Limestone Community School begins three-year process to improve reading, math results

12 years ago

    CARIBOU, Maine  —  The Eastern Aroostook RSU 39 Board of Directors met last Wednesday night to discuss some important topics including Limestone Community School’s continuing status as a Priority School, as well as the always controversial topic of harvest break.
First on the agenda was the RSU 39 audit report. The Board Finance Subcommittee reported on their review of the 2012-13 audit with news that it was clean and, “everything looks great,” agreed board member Kent Forbes. The Audit Report was accepted unanimously.
Susan White, Limestone Community School principal, was at the Dec. 18 meeting to give a presentation explaining the progress the school has made as a Title 1 school, as well as information on LCS’s status as a Priority School.
It all began last August when Maine was granted a waiver to the No Child Left Behind sanctions. The waiver includes a protocol for schools that don’t make enough yearly progress in reading and math.
“It allows growth targets to be set for individual schools rather than deciding those things on statewide level,” said White.
“However, the waiver still had to have pretty stringent protocol and we’re still expected to make adequate yearly progress,” she said.
The bottom 10 percent of Title 1 schools testing in math and reading are broken up into two groups: Focus Schools (lowest 10 percent) and Priority Schools (lowest 5 percent). This lowest 5 percent is where LCS falls on the Title 1 continuum.

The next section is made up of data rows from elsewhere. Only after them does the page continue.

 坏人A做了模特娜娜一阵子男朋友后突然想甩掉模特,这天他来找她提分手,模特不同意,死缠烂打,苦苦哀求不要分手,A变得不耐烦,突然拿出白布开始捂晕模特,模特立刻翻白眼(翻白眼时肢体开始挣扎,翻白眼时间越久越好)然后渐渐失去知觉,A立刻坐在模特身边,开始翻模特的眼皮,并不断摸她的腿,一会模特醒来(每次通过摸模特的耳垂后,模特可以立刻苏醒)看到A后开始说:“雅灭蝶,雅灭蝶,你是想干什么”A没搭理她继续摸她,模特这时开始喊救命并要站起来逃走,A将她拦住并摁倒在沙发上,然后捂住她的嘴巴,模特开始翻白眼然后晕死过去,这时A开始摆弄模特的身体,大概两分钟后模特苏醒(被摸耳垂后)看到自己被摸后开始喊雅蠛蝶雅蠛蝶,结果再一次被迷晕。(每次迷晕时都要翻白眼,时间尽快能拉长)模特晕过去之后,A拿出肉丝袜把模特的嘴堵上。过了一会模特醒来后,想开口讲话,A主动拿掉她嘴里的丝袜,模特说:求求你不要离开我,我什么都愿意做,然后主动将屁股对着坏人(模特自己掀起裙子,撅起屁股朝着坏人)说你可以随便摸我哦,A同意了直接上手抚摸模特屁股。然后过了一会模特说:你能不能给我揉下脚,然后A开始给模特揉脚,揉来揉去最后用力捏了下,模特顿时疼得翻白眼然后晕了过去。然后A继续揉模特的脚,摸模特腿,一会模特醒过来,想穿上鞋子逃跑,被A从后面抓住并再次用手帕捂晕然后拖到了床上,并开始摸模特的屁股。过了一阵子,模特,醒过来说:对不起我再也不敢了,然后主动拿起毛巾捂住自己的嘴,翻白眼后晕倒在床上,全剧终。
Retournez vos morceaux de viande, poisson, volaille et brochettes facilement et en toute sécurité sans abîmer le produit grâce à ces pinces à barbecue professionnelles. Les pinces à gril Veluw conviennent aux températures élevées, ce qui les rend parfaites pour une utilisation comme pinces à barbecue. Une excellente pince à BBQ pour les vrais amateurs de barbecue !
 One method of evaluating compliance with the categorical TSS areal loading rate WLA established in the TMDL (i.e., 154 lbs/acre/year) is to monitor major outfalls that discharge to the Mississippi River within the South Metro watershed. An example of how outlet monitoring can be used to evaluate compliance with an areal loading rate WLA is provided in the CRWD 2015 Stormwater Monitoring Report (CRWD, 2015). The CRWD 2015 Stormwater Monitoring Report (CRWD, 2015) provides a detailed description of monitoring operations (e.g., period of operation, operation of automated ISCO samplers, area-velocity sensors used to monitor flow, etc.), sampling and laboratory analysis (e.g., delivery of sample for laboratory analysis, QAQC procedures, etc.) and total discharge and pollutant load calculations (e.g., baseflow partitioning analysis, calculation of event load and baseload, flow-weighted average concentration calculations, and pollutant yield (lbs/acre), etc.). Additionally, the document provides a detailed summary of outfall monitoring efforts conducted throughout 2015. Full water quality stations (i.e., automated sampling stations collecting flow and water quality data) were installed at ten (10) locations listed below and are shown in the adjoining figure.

“We needed a 46 percent increase in reading and math to jump to a Focus School, but we only showed a 39 percent growth. So, as you can see we still missed it by quite a bit,” said White.

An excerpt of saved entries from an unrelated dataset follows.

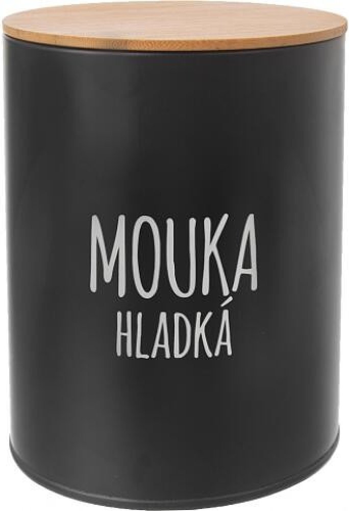 Designová plechová dóza s matným černým povrchem pro uskladnění klasické hladké pšeničné, ale i špaldové, celozrnné nebo kukuřičné hladké mouky.
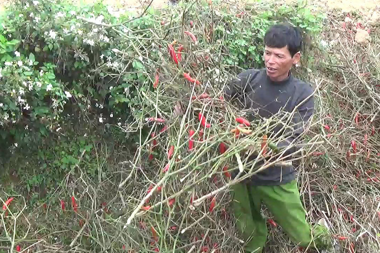 | Ớt chín đỏ trên cây nhưng doanh nghiệp không đến thu mua nên người dân phải phá bỏ |
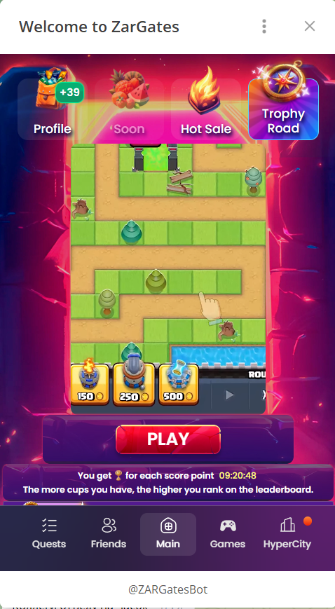 Одна из важнейших штук в ZarGate, так как Trophy Road - единственный способ (кроме покупки) получить важные артефакты, серьёзно влияющие на абсолютно все аспекты, от дохода в золоте, до торговли на внутреннем рынке.
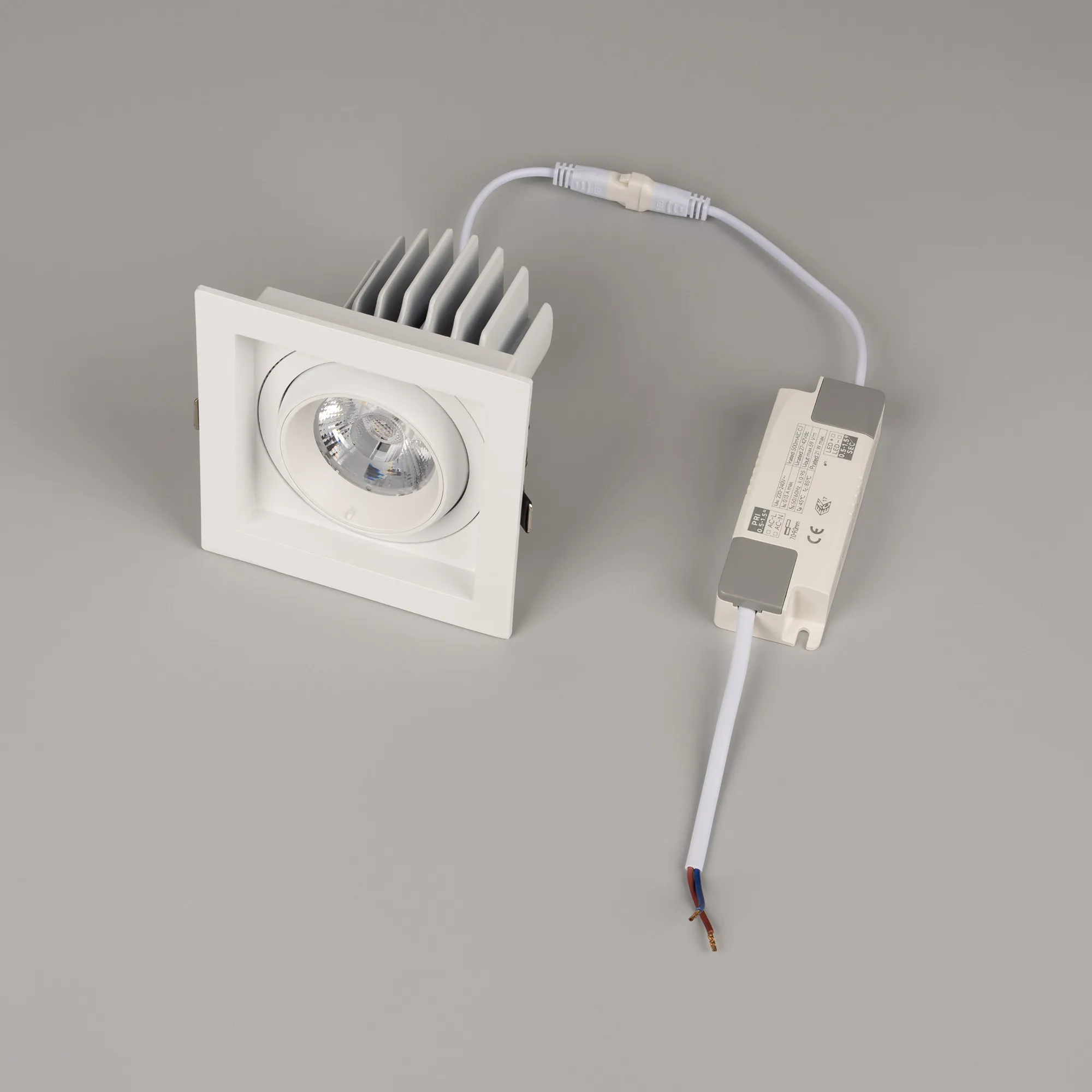 Встраиваемый карданный светильник. Мощность 20 Вт, св. поток 2067 лм, 103 лм/Вт, тёплый 3000 K, CRI>92, угол 20°, напряжение питания 230 В. Белый корпус из алюминия, белая вставка, степень защиты IP20. Размер: длина 117 мм, ширина 117 мм, высота 105 мм. Монтаж встраиваемый, установочное отверстие: длина 95 мм, ширина 95 мм. Драйвер 24-42 В, 500 мА, пульсация <2%.

Limestone Community School is the only Title 1 school in Aroostook County and they have recently started working with a web-based program called Indistar. It is a system implemented by a school district or charter school for use with school improvement teams to “inform, coach, sustain, track, and report improvement activities.”
The program allows students as well as teachers to assess where they are in the learning process and what they need to do to reach their ultimate goal. They provide indicators of evidence-based practices at the district, school, and classroom levels to improve student learning. The system is also customizable, so that the client can populate or enhance the system with its own indicators of effective practice, while also providing rubrics for assessment of the indicators.
What does this mean for The Limestone Community School in the near future? “For this year it’s a matter of deciding which indicators will be in our plan, and to achieve 15 of the 51,” said White, “this first year is a planning year. We must first deeply evaluate and assess the 15 first-year indicators. Then, create our one-year improvement plan.”
One of the other major steps the school will be taking is putting in place a leadership team. “We’ve put a Priority School Leadership Team in place, which has representation from all three levels: guidance, administration and Title 1 Special Ed. We’ve also had a Department of Education coach assigned to us, who will be our connection to the DOE,” said White.
The school will be receiving a $20,000 planning grant for this year. “That money will go towards things like travel expenses for mandatory principal meetings and trainings. Priority School principals must attend, as well as things like substitute teachers,” said White.
The Title 1 program will be broken down into a three-year plan, but when that plan officially begins, is still yet to be announced.
In other business, the school board discussed the issue of whether or not to keep harvest break and did the best they could with the results of their harvest survey. It was no surprise the students were overwhelmingly for the maintaining of harvest break, but two thirds of staff and parents were opposed to the break. As for the farmers, “only twenty of the forty-four farmers in our survey pool responded, but overall 90 percent of the farmers and students value and are in favor of harvest,” said Superintendent Frank McElwain. “Farmers say ‘we need them.’ The majority of them think students are integral to their success.”
The question of whether or not to keep potato harvest break has been a hot topic for school boards all over Aroostook County for a number of years, but many are now getting down to the crucial decision-making time. Unfortunately, the decision comes with consequences no matter what the outcome.
“Not everyone may understand that it could be saving us $30,000 to switch to a common calendar,” said Board Chairman Clifford Rhome of Limestone. “If it were that easy we’d just put it on a referendum in November.”
The consensus of the board was that the best way to keep things fair is to have a public forum open to both farmers and community members. “If we keep harvest, public opinion will say we’re swaying to the whim of the farmers, but it shouldn’t just be decided by parents and community members who may not have much involvement,” said Rhome.
Despite any worry about the outcome of the future proceedings Superintendent McElwain assured everyone, “it’s not going to be a popularity contest.”
Future discussions regarding the topic have not been set to date, but will hopefully take place sometime in January.
The Board convened to Executive Session prior to the regular meeting. During executive session the board conducted a workshop on budget planning.
The next regular meeting of the RSU board will be held Wednesday, Jan. 8 at 7 p.m. in the Superintendent’s Office in Caribou.